What do I do if the "AXF Exception" error message appears when I use a BI tool to select a partitioned table for analysis in drag-and-drop mode?
ERROR: AXF Exception: specified partitions count in odps table: <project_name.table_name> is: xxx, exceeds the limitation of xxx, please add stricter partition filter
To ensure query performance, MaxCompute Lightning limits the number of partitions that can be queried in a partitioned table. The maximum number of partitions that can be scanned for a single table at the same time is 1,024. Specific BI tools allow you to select a table for analysis in drag-and-drop mode. In this mode, you cannot specify partition conditions in the BI frontend.
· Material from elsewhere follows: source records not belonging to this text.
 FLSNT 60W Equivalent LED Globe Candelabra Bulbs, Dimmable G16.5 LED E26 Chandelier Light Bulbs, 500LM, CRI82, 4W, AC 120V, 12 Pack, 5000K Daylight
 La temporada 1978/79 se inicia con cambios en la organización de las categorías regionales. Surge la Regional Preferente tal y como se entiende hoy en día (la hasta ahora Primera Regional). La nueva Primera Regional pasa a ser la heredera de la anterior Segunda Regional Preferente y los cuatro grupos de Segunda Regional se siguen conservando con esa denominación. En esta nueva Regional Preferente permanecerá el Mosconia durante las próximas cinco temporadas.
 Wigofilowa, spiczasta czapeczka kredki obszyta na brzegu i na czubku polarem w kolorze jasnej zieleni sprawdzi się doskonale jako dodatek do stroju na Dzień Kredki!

As a result, the number of partitions that need to be scanned exceeds the upper limit, and MaxCompute Lightning returns this error.
We recommend that you change the data table that you want to query to a non-partitioned table or a partitioned table that contains less than 1,024 partitions before you query and analyze data in the table.
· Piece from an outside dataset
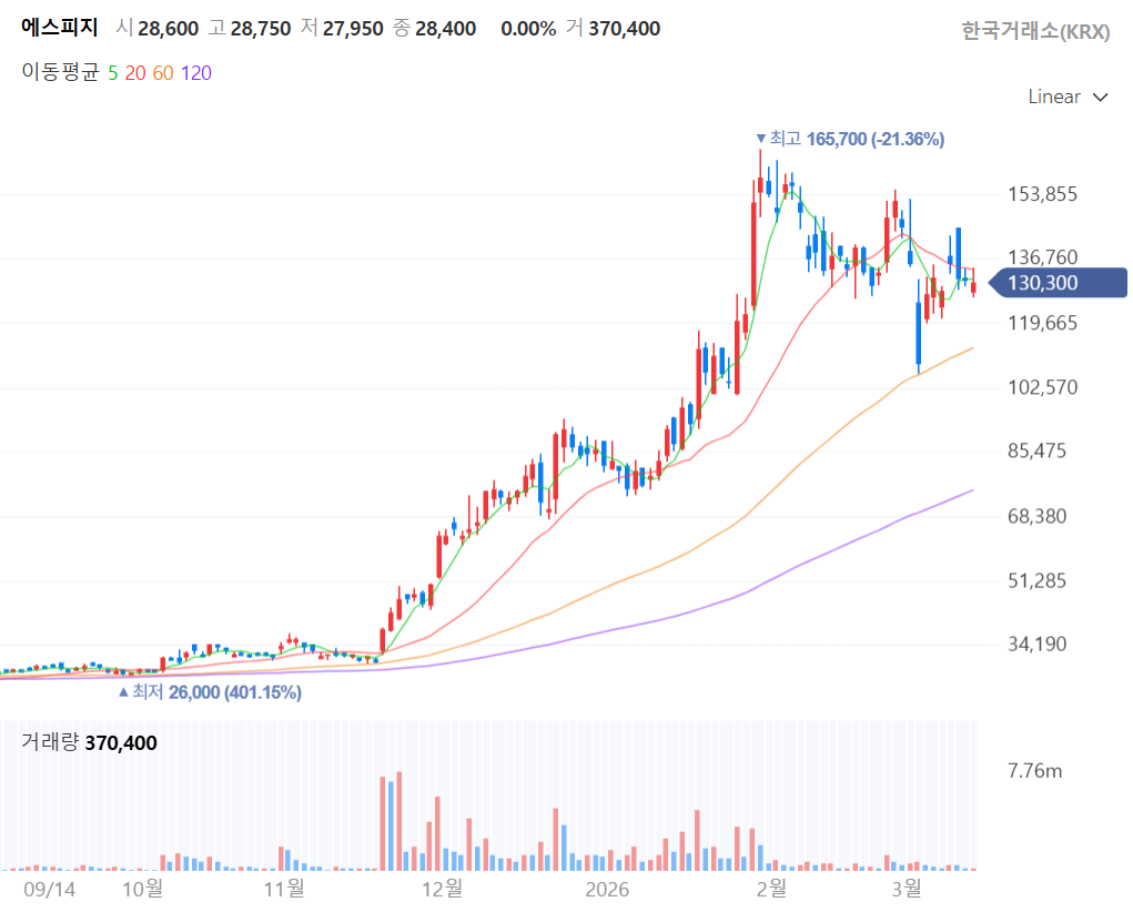 에스피지 130,300원 -21.36% 60일선 부근 지지 테스트 중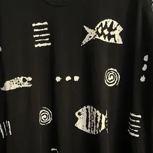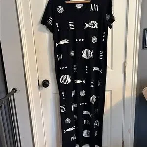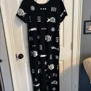Elevate your style with the Black and White Graphic Dress. Featuring a unique fish and swirl pattern, this dress is perfect for any casual outing. Enjoy comfort and style with this standout piece. Dress splits on both sides at the calf for easy walking.

The "ERROR: SSL required" error message appears, which indicates a connection failure. What do I do?
MaxCompute Lightning requires that a third-party client accesses data over SSL. If
the third-party client does not provide the SSL option, you can add an SSL parameter
to the JDBC URL connection string, such as jdbc:postgresql://lightning.cn-shanghai.maxcompute.aliyun.com:443/myproject?ssl=true
.
When I use the SQL Workbench/J client to query data, an error message that indicates transaction termination appears. What do I do?
- Problem description
When I use the SQL Workbench/J client to query data, the following error message appears:
rror:current transaction is aborted,commands ignored until end of transaction block.
- Solution
On the SQL Workbench/J client, select the Autocommit option.
What do I do if the "Failed to login the project" error message appears when I request a connection?
- Problem description
The following error message appears:
ERROR: Failed to login the project: <project name>. Lightning service has not been activated for your project, please contact the administrator
- Cause
MaxCompute Lightning is not activated in the region to which your MaxCompute project belongs. You must apply for activating MaxCompute Lightning and use this service.
- Solution
Activate MaxCompute Lightning in the region to which your MaxCompute project belongs.
What do I do if the "ConnectionException" error message appears when I request a connection?
- Problem description
The following error message appears:
ConnectionException: HikariPool-2 - Connection is not available, request timed out after 10018ms
- Cause
The error message indicates that a network connection times out. This may be caused by network fluctuations.
- Solution
Check the network connection. Establish the connection again when the network connection is stable.